An expert in financial markets expected gold prices to rise to 1700 in 2020.


According to ArabiaNet, Amr Abdo, the founding partner of the American Market Trader Academy for Financial Market Studies, said that this was due to the entry of very large liquidity that saw other safe havens as the advantage of gold, but that faded.


There are 3 factors that support the rise of gold prices, and one of these advantages is the variables in interest between gold and bonds. There are between 14 to 16 trillion dollars of bonds giving negative returns. This liquidity finds that the risk of owning these bonds is not due and therefore part of this liquidity belongs to gold. On the other hand, geopolitical factors lead many central banks to continue to buy gold in very large quantities. In addition, many investors entered to invest in gold.

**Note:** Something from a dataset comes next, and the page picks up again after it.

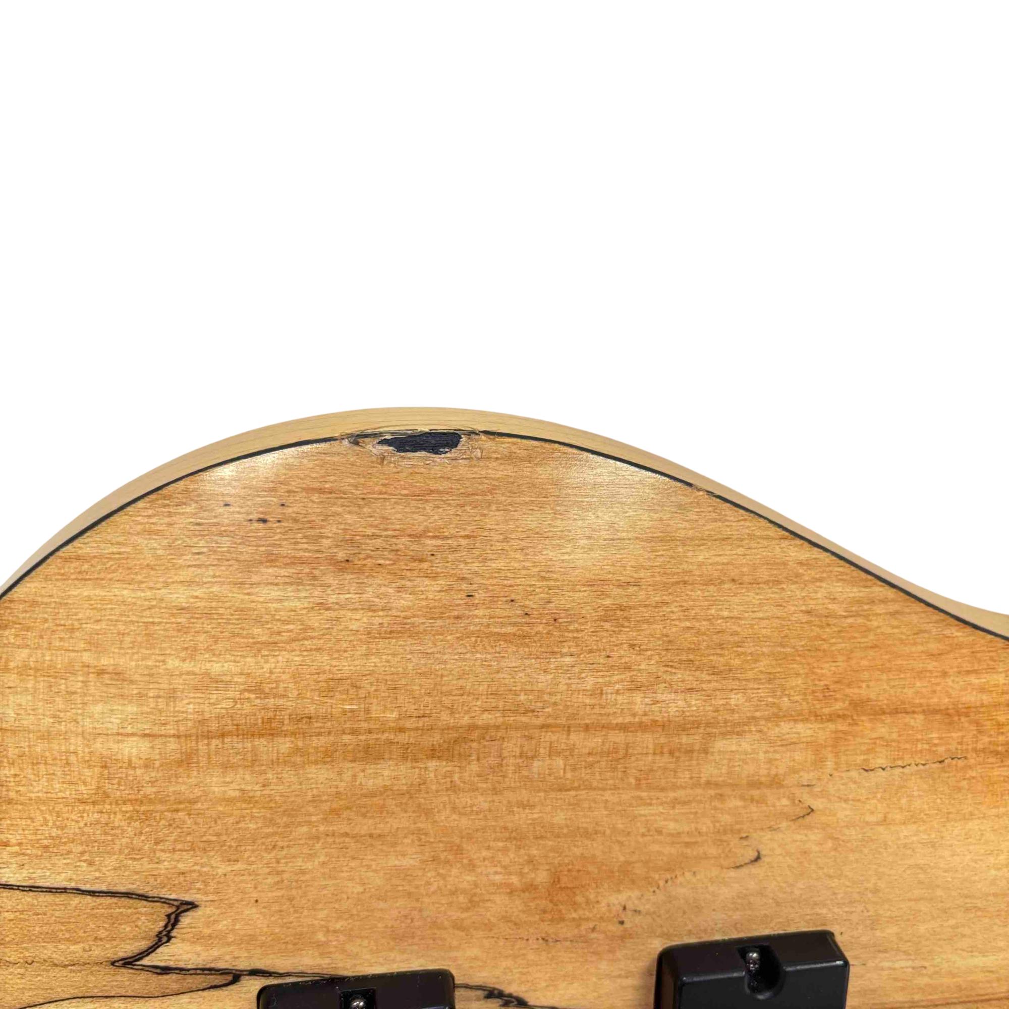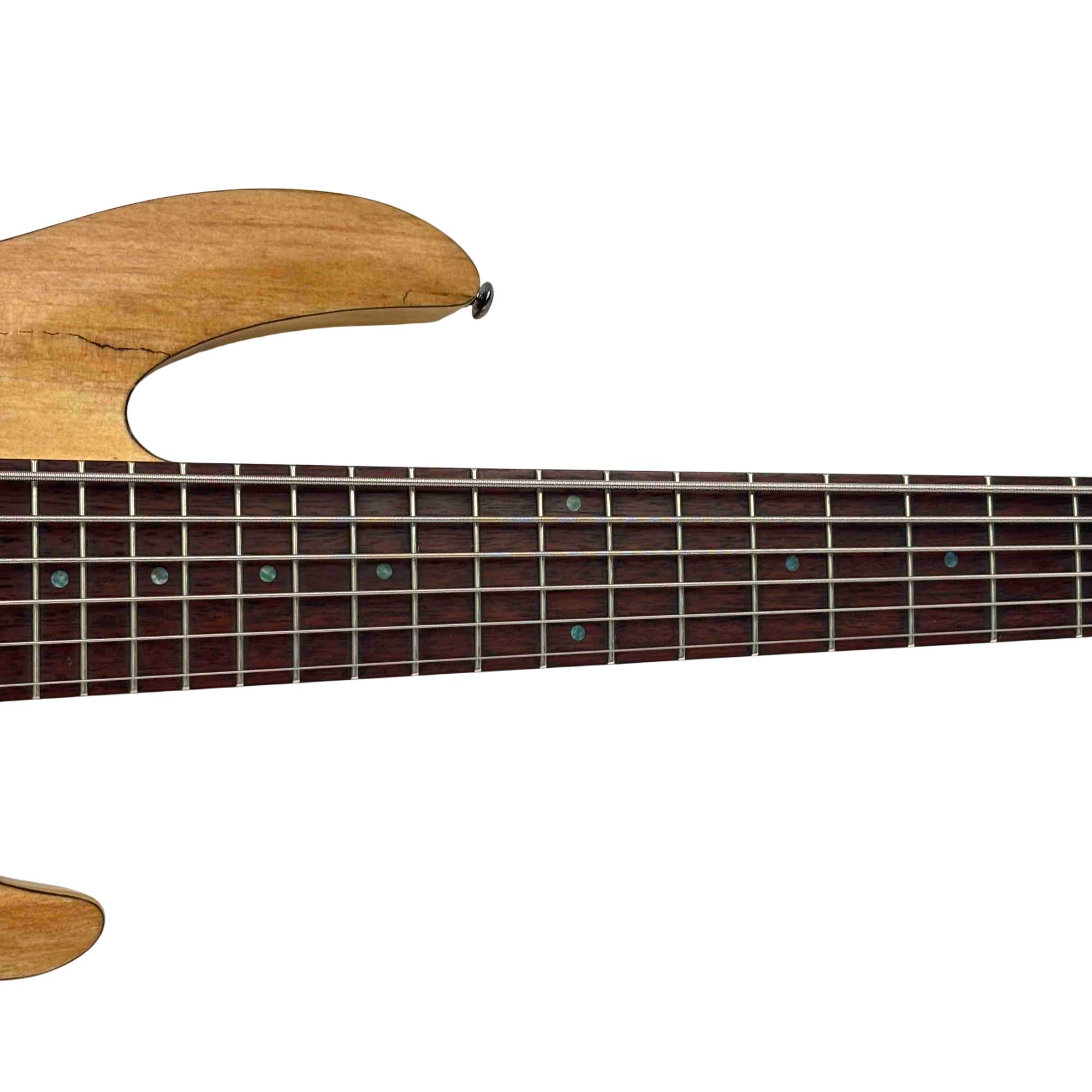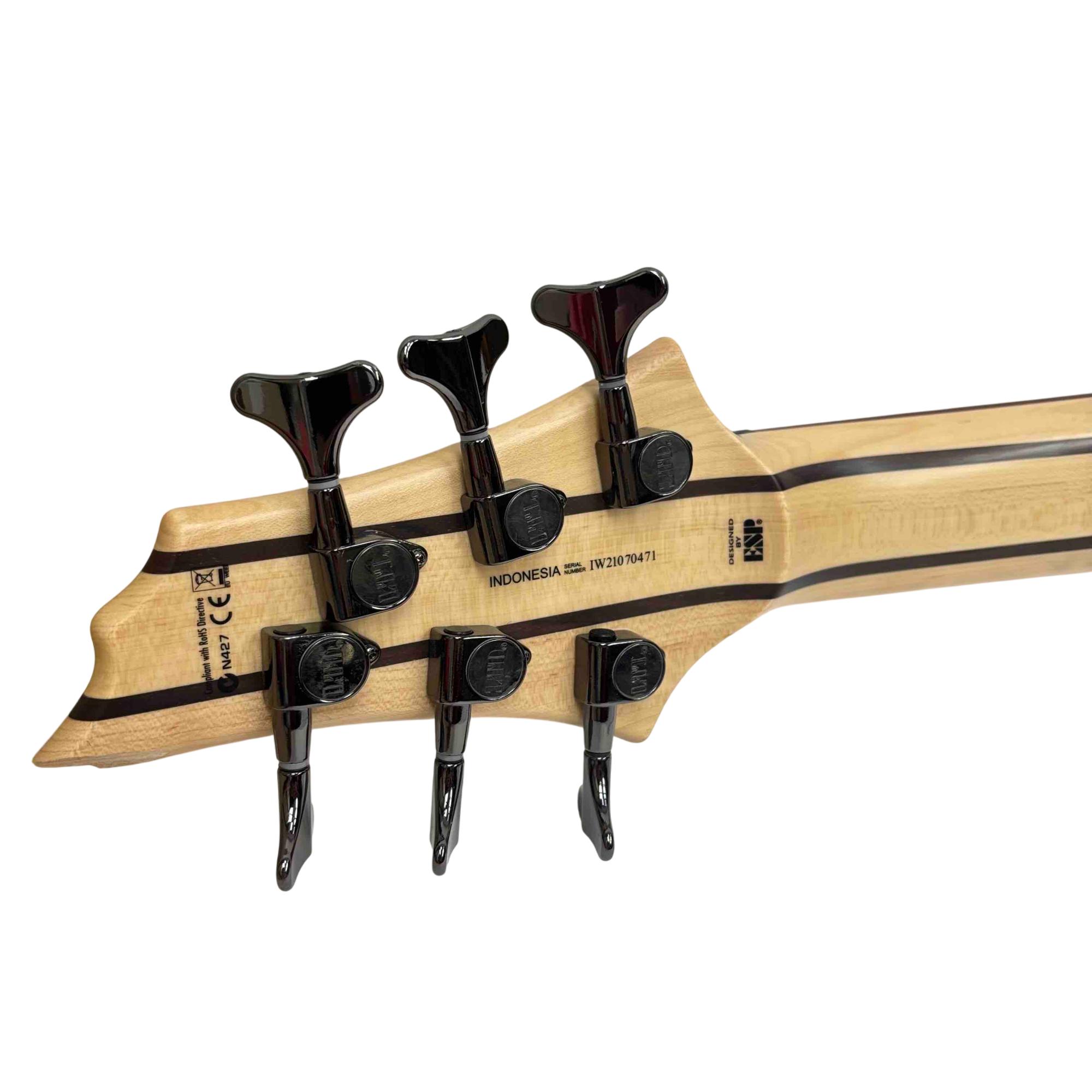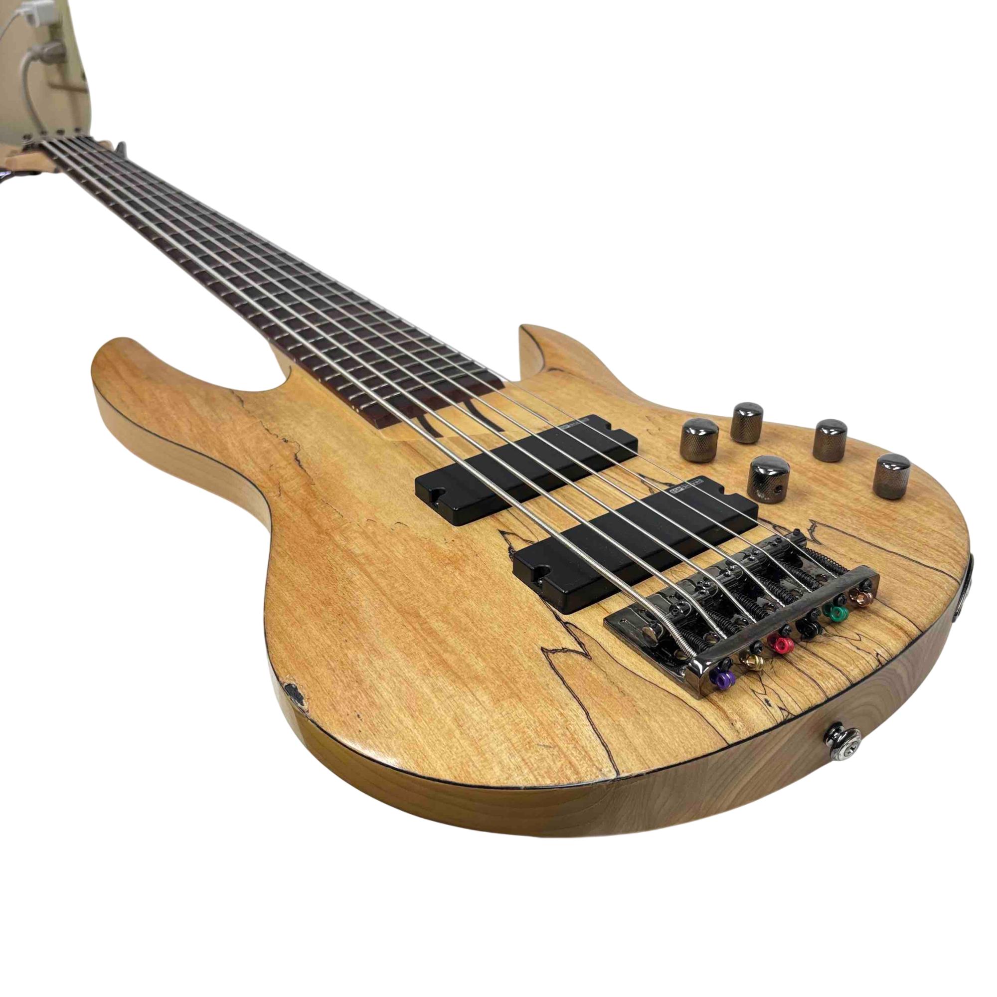 The ESP LTD B-206SM NS Spalted Maple 6-String Electric Bass Guitar features a natural satin finish highlighting its distinctive spalted maple top. This bass guitar combines solid construction with versatile tone options, designed for players seeking rich, dynamic sound across six strings. Its design includes precision hardware and a comfortable neck profile tailored for seamless playability in various musical styles.

Elia Spivac, the Daily Fix's currency market analyst, said the downturn seemed mostly to a correction because ... not only is the gold that we see falling somewhat in terms of risk aversion dynamics, but across diverse assets.


Gold prices fell on Thursday after China revealed measures to reduce the economic impact of the outbreak of the Corona virus, but the metal remained near its highest level in nearly seven years, which was recorded in the previous session with continued concerns about the disease.


At 07:49 GMT, the spot price of gold was down 0.3% to $ 1606.62 an ounce. And US gold futures fell 0.1% to $ 1609.60.


In other precious metals, palladium, which has a shortfall in supply, fell 0.9% to $ 2688.40 an ounce, after touching a record peak of $ 2841.54 in the previous session.


Silver fell 0.5 percent to 18.30 dollars, but hovered near its highest level in more than a month recorded on Wednesday. And Platinum fell 1.2% to $ 993.40 an ounce.